In this context, US President Donald Trump appealed to countries importing oil through the Strait to “assume their responsibilities” and secure this extremely important waterway, stressing the need to “protect and use it,” in light of the continued military operations against Iran.

At the same time, oil prices witnessed a noticeable rise, as the price of Brent crude jumped by nearly 7% to reach $108.15 per barrel, while West Texas Intermediate crude rose by more than 8% to reach $108.11, due to Trump’s statements about continuing the military attacks for additional weeks, without providing any solutions to the crisis of closing the strait.

These events were quickly reflected in the global economy, as Chinese airlines, including Air China, announced an increase in fuel fees on domestic flights, reflecting the high cost of energy.

In the Southeast Asia region, Anwar Ibrahim announced the implementation of a remote work policy in government institutions starting April 15, with the aim of reducing fuel consumption and ensuring stable supplies.

As for Europe, British Prime Minister Keir Starmer announced the holding of a meeting of about 35 countries to discuss ways to reopen the Strait of Hormuz and ensure the safety of navigation, while France is preparing to take measures to rationalize energy consumption, amid rising fuel prices and shortages at some stations.

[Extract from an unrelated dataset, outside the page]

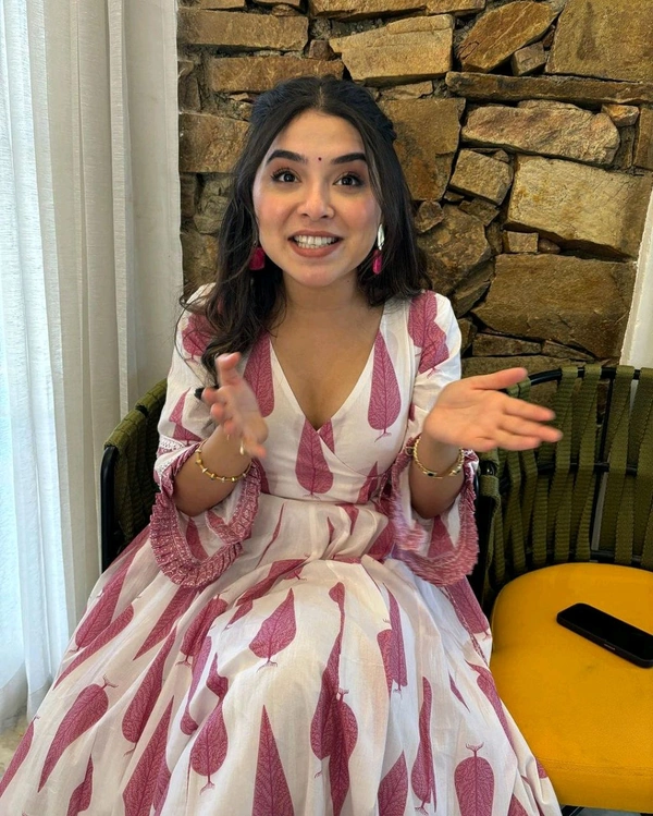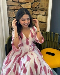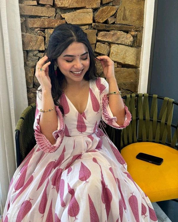 Women Cotton Pink Anarkali Kurta Pant and Dupatta set

At the same time, the World Bank expressed “deep concern” about the effects of the war on inflation, food security and the labor market globally, noting coordination with the International Monetary Fund and the International Energy Agency to meet emergency needs.

The Bank of England also warned that the war had caused a “significant negative supply shock” to the global economy, increasing inflationary pressures and putting growth at risk, while economic institutes lowered their forecasts for German economic growth to 0.6% this year.

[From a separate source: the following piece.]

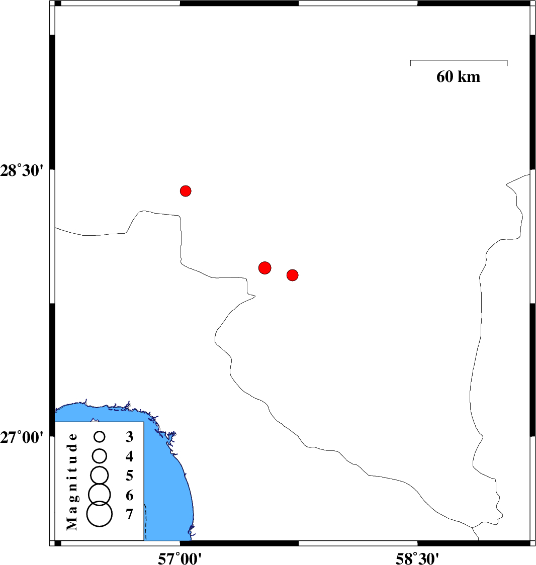 | 2015/08/13 | 00:26:04.6 | 04:56:04.6 | 27.909 | 57.71 | 14 | ML:3.2 | Kerman Province, 5 km of Kahnuj | ||

In the United States, data from the US Energy Information Administration showed a decline in the strategic reserve of oil, with continued pressure on supplies.

Even distant countries were not spared these effects, as the Kingdom of Bhutan announced an increase in fuel prices as a result of a shortage of supplies, which led to overcrowding at gas stations.

These developments come in light of the ongoing war between the United States and Iran, which has disrupted shipping traffic in the Strait of Hormuz, through which a large portion of global oil exports passes.

With faltering supplies and rising costs of shipping and insurance, global markets are facing a new wave of inflation, while countries seek to take immediate measures to alleviate the pressure on their economies.

This scene reflects the extent of the interconnectedness of the global economy, as the effects of any escalation in the Gulf region quickly extend to various continents, putting the world before a new economic test in light of a very complex geopolitical environment.